This is a comment, not an answer, but it will be more convenient to post it as an answer. Consider the vertices of $G_n$ as subsets of $[n]=\{1,\dots,n\}$.

Observation 1. $\chi(G_n)\ge\left\lfloor\frac{3n}2\right\rfloor+1$.

This is because $G_n$ contains a clique of that size, namely,
$\varnothing,\{1\},\{2\},\{1,2\},\{1,2,3\},\{1,2,4\},\{1,2,3,4,\},\{1,2,3,4,5\},\dots$.

Observation 2. The OP noted that $\chi(G_n)\le\binom{n+1}2+1=\frac{n^2+n+2}2$. For odd $n$ this bound can be improved to $\chi(G_n)\le\frac{n^2+3}2$.

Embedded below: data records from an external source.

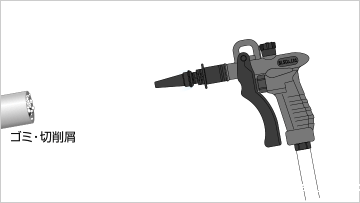 从注入的空气中反弹回来的切屑和切屑可以通过强大的气幕转移到侧面。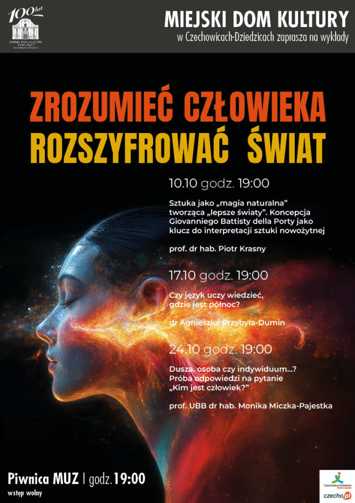 Jesienny cykl spotkań w MDK Czechowice-Dziedzice to zaproszenie do wspólnej refleksji nad naturą człowieka, języka i sztuki – trzema wymiarami, które od wieków pozwalają nam interpretować świat i siebie samych.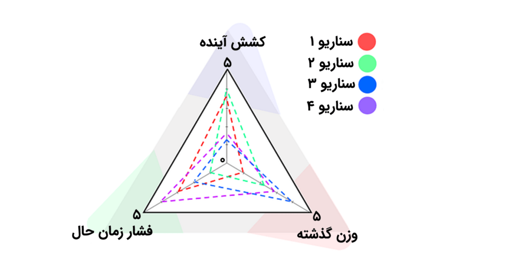 - امتیازدهی به سناریوها: در این مرحله، هر سناریو بر اساس میزان تسلط آن بر سه بعد مثلث آینده (فشارها، کششها و وزنها) از 0 تا 5 امتیازدهی میشود. این فرآیند معمولاً در یک تیم انجام میشود تا با میانگینگیری امتیازها، سوگیری کاهش یابد. نتیجه این مرحله، یک شکل گرافیکی مثلث آینده است که نشان میدهد هر سناریو چگونه این سه بعد را ترکیب کرده است.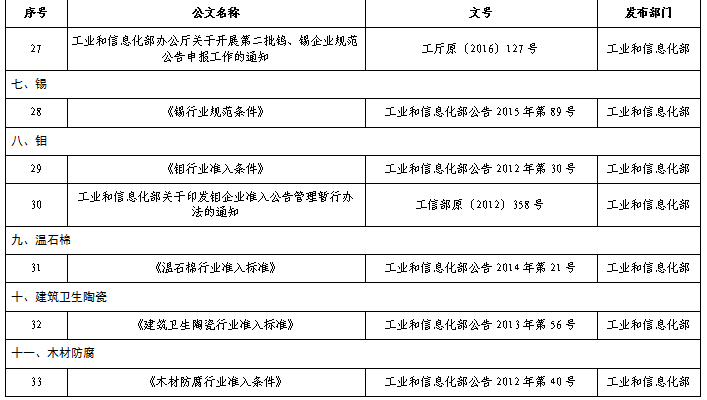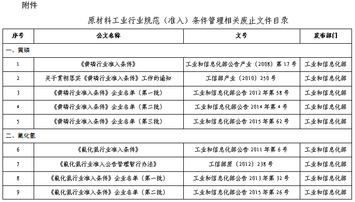 一、自公告发布之日起,我部印发的《黄磷行业准入条件》(工业和信息化部公告产业〔2008〕第17号)、《氟化氢行业准入条件》(工业和信息化部公告2011年第6号)等33个规范(准入)条件管理相关文件予以废止。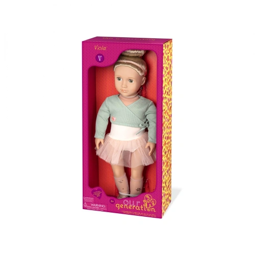 Излезте на сцената с Виола, 46-сантиметрова балерина от Our Generation, която е готова за красиво изпълнение. Тя има реалистични зелени очи, които се отварят и затварят, и дълга руса коса, оформена в красив кок, който е много забавен за разресване и оформяне! Виола е готова за балет, облечена в уютния си зелен топ, сладко розово трико, високи чорапи със сребърна декорация и балетни обувки. Тя дори има блестяща розова лента за глава за допълнителен стил! Облеклото на Виола може да се комбинира с други цветни дрехи за кукли от Our Generation, така че тя да може да празнува с приятелите си в нов тоалет след рецитала си!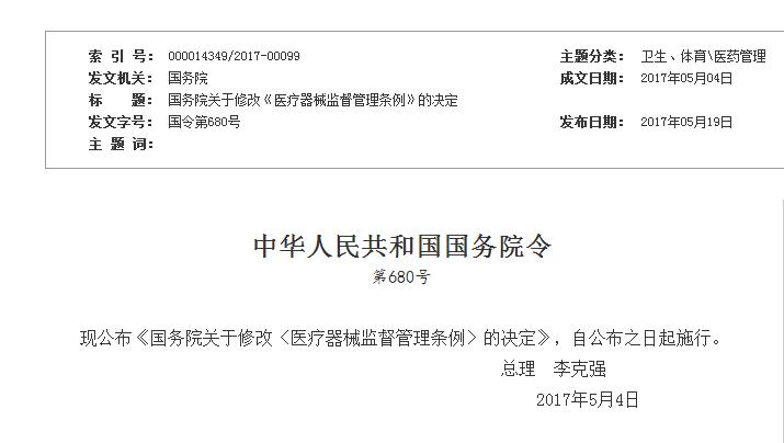 5月4日,國務(wù)院總理李克強(qiáng)簽署了國務(wù)院令第680號(hào),公布了《國務(wù)院關(guān)于修改〈醫(yī)療器械監(jiān)督管理?xiàng)l例〉的決定》,自公布之日起施行。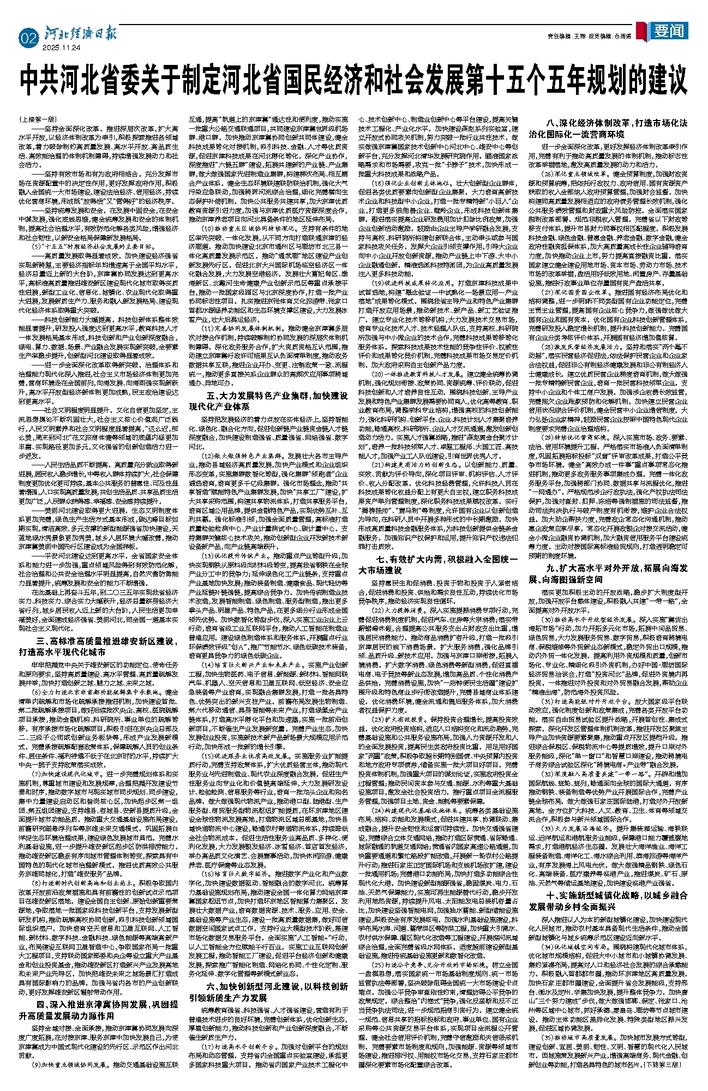 关于《中共河北省委关于制定河北省国民经济和社会发展第十五个五年规划的建议》的说明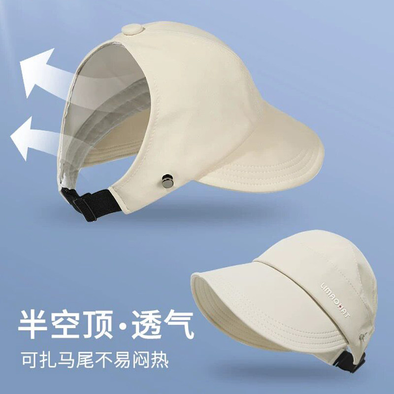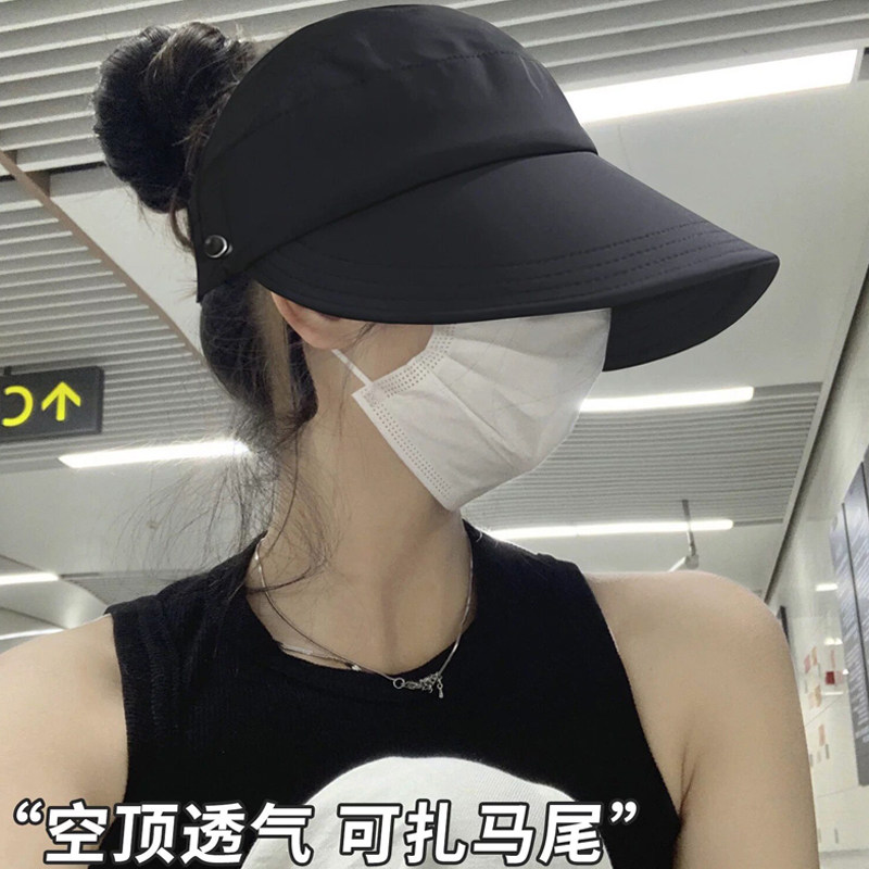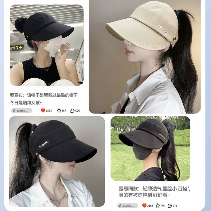 防晒帽女空顶高马尾鸭舌渔夫帽子2026新款户外防紫外线速干太阳帽

The vertices $\varnothing$ and $[n]$ get their own colors. If $1\le|X|\le n-1$, color $X$ with the ordered pair $$\left(\sum_{x\in X}x\mod(n+1),\ \left\lceil\frac{|X|}2\right\rceil\right).$$ This is a proper coloring, so (assuming $n$ is odd) $$\chi(G_n)\le2+(n+1)\cdot\frac{n-1}2=\frac{n^2+3}2.$$

Observation 3. The clique number $\omega(G_n)$ is exactly $\left\lfloor\frac{3n}2\right\rfloor+1$.

We showed in Observation 1 that $\omega(G_n)\ge\left\lfloor\frac{3n}2\right\rfloor+1$. Let us prove by induction that $\omega(G_n)\le\left\lfloor\frac{3n}2\right\rfloor+1$.

We may assume $n\ge2$. Let $\mathcal C$ be a maximal clique in $G_n$. Let $\mathcal C_h=\{X\in\mathcal C:|X|=h\}$. Choose $h$ so that $0\lt h\lt n$ and $\mathcal C_h\ne\varnothing$.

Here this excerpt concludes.